__Exercise requirements__
Go to the line with "This 12 CM ceramic" in the entries below and write out every line from there through the line with "36日下午,在海口市白龙南路美舍河岸边,鸟儿在盛开的木棉花枝间飞舞觅食。", exactly and without pictures.

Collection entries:
++++
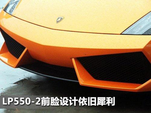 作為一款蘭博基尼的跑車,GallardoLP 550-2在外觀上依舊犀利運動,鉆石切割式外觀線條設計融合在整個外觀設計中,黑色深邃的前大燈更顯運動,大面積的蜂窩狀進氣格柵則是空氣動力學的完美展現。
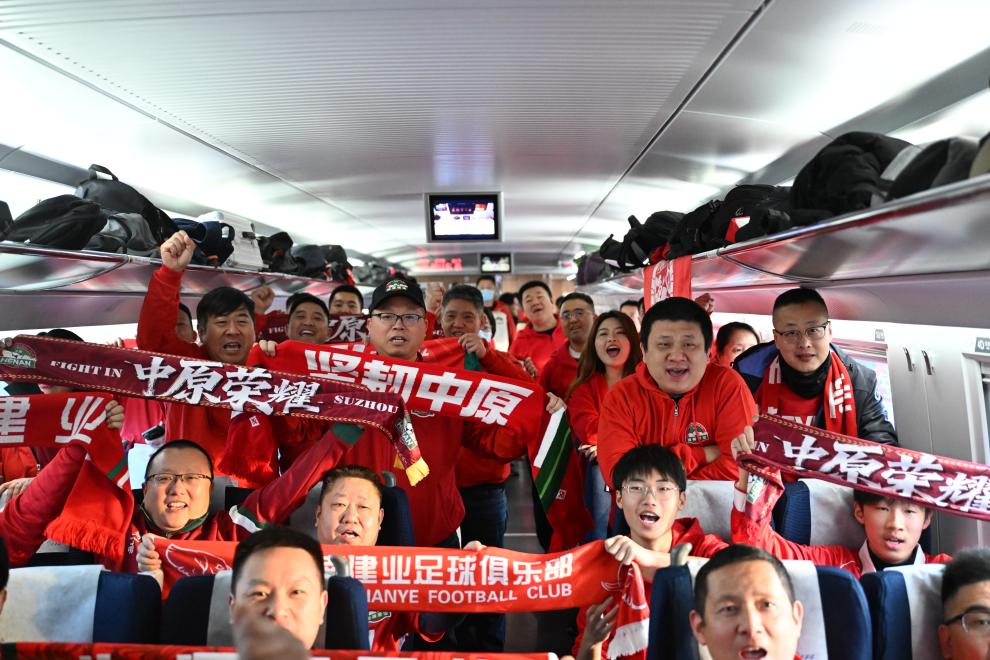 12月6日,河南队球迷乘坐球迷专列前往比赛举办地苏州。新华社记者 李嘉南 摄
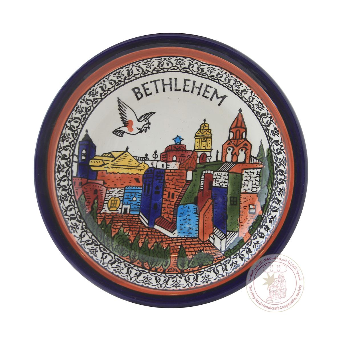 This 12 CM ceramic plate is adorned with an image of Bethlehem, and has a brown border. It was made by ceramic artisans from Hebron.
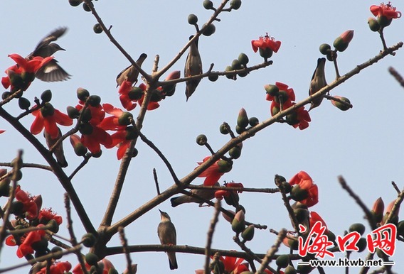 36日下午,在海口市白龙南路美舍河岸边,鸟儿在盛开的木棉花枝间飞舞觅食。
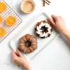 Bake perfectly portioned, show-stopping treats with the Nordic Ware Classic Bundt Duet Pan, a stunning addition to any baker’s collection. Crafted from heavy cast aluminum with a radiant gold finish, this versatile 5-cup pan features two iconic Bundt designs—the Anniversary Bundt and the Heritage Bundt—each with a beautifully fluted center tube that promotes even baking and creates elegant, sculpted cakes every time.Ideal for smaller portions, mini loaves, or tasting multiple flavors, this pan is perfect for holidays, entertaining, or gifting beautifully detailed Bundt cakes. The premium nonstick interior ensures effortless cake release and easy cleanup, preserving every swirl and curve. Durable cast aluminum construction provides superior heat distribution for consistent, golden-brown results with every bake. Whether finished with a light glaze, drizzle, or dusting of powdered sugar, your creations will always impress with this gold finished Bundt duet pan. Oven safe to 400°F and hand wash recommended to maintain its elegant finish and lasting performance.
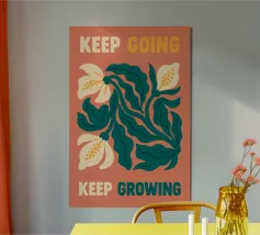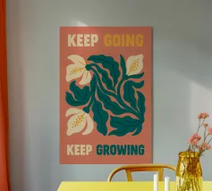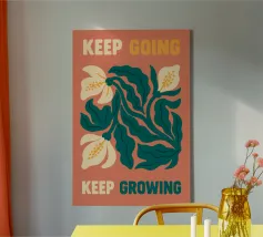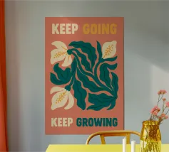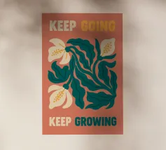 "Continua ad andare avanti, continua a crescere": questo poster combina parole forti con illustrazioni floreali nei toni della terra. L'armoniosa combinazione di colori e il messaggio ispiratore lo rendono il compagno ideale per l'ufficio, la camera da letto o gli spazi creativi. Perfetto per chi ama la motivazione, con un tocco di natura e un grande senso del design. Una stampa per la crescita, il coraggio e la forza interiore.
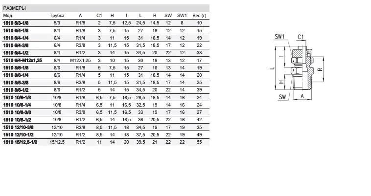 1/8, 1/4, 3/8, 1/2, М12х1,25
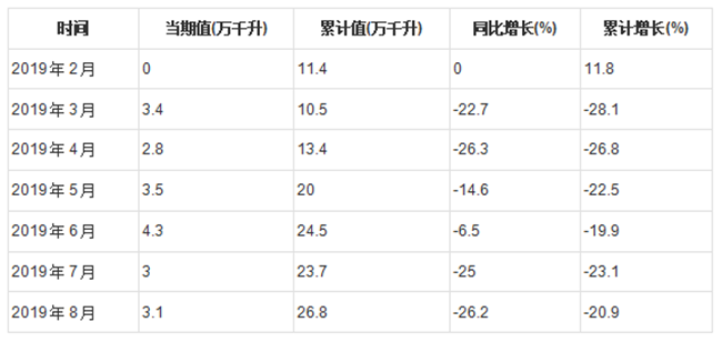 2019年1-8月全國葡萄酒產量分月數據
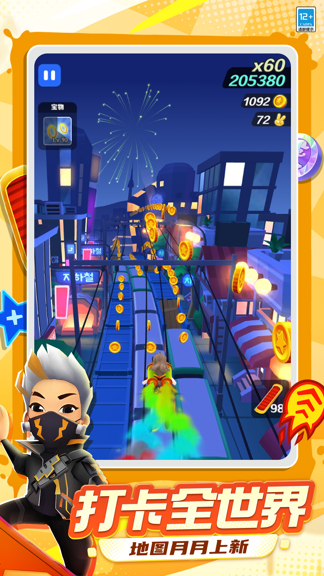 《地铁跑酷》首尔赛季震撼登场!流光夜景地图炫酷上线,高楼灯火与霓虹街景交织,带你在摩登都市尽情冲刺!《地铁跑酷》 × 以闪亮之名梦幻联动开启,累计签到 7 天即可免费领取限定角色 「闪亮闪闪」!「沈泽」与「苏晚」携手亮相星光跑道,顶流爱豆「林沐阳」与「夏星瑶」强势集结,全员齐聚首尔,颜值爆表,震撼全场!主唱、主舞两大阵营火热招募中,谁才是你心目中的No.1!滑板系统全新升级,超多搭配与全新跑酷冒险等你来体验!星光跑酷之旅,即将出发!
++++
__Task solution__
 This 12 CM ceramic plate is adorned with an image of Bethlehem, and has a brown border. It was made by ceramic artisans from Hebron.
 36日下午,在海口市白龙南路美舍河岸边,鸟儿在盛开的木棉花枝间飞舞觅食。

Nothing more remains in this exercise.